1. The problem statement, all variables and given/known data
Let $V\subset \mathbb{R}^3$ be the subspace generated by $\{(1,1,0),(0,2,0)\}$ and $W=\{(x,y,z)\in\mathbb{R}^3|x-y=0\}$. Find a matrix $A$ associated to a linear map $f:\mathbb{R}^3\rightarrow\mathbb{R}^3$ through the standard basis such that its nullspace is $V$.

2. Relevant equations

Nullspace definition

3. The attempt at a solution

Using the nullspace definition I get that $f(0,2,0)=f(1,1,0)=(0,0,0)$. Thus,
$$f(0,2,0) =(0,0,0)$$
$$f(1,1,0) = (0,0,0)$$
$$f(0,0,1)=(1,1,1)$$
Since the matrix has to be written wrt the standard basis of $\mathbb{R}^3$, which is $(1,0,0),(0,1,0),(0,0,1)$, I infer that
$$f(1,0,0)=f(1,1,0)-\frac{1}{2}f(0,2,0)=(0,0,0)-\frac{1}{2}(0,0,0)=(0,0,0)$$
$$f(0,1,0)=\frac{1}{2}f(0,2,0)=\frac{1}{2}(0,0,0)=(0,0,0)$$
while I know from the text of the problem that $f(0,0,1)=(1,1,1)$. In conclusion,
$$A=\begin{pmatrix} 0&0&1\\0&0&1\\0&0&1\end{pmatrix}$$
If I look for a basis of the kernel I effectively get the two vectors $(1,1,0),(0,2,0)$, so it should be ok.
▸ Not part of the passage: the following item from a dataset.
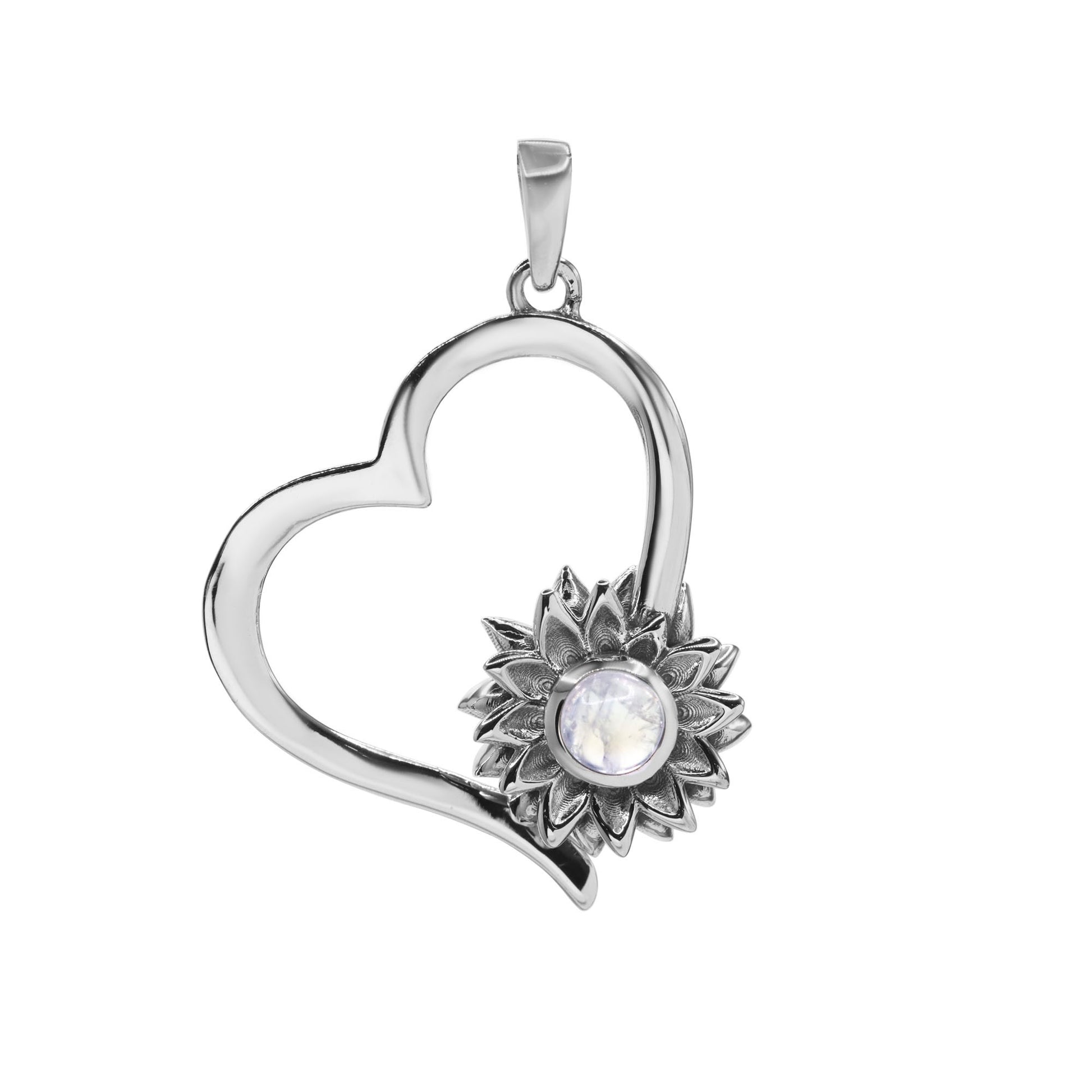 Colgante de Plata - Corazón con Flor de Girasol y Piedra Luna

Is it correct?

2. Feb 6, 2017

### andrewkirk

Does this mean
1. Let $V\subset \mathbb{R}^3$ be the subspace generated by $\{(1,1,0),(0,2,0)\}$ and let $W=\{(x,y,z)\in\mathbb{R}^3|x-y=0\}$; or does it mean
2. Let $V\subset \mathbb{R}^3$ be the subspace generated by $\{(1,1,0),(0,2,0)\}\cup\{(x,y,z)\in\mathbb{R}^3|x-y=0\}$?
If it means the second one then $V=\mathbb R^3$, so $f$ must be the zero map. If it means the first one then $W$ is not used in the problem, which raises the question of why it has been defined.